_Problem to work on_. For the entries presented below, indicate the number of lines that include the word "nearest", adding nothing else.

_Excerpted records_.
'''

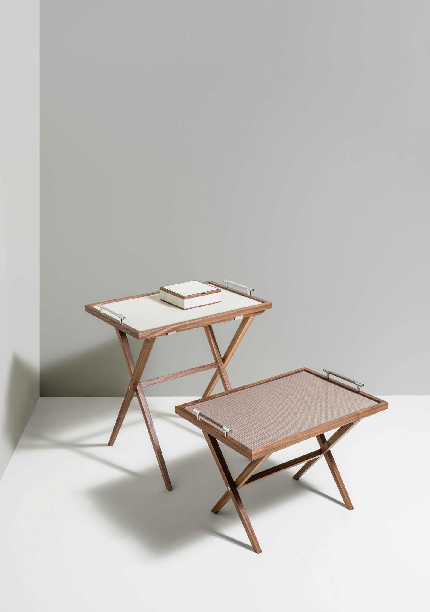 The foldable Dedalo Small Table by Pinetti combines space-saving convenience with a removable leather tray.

'''
'''

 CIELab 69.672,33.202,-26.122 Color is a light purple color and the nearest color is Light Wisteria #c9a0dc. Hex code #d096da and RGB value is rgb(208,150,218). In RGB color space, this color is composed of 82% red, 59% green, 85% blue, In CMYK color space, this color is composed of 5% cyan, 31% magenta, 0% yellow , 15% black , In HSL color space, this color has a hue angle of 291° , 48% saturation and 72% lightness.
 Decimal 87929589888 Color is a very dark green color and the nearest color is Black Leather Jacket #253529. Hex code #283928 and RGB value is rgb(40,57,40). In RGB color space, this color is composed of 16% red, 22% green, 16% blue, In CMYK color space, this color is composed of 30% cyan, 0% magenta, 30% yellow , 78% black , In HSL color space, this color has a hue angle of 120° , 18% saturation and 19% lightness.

'''

_Task answer_. 2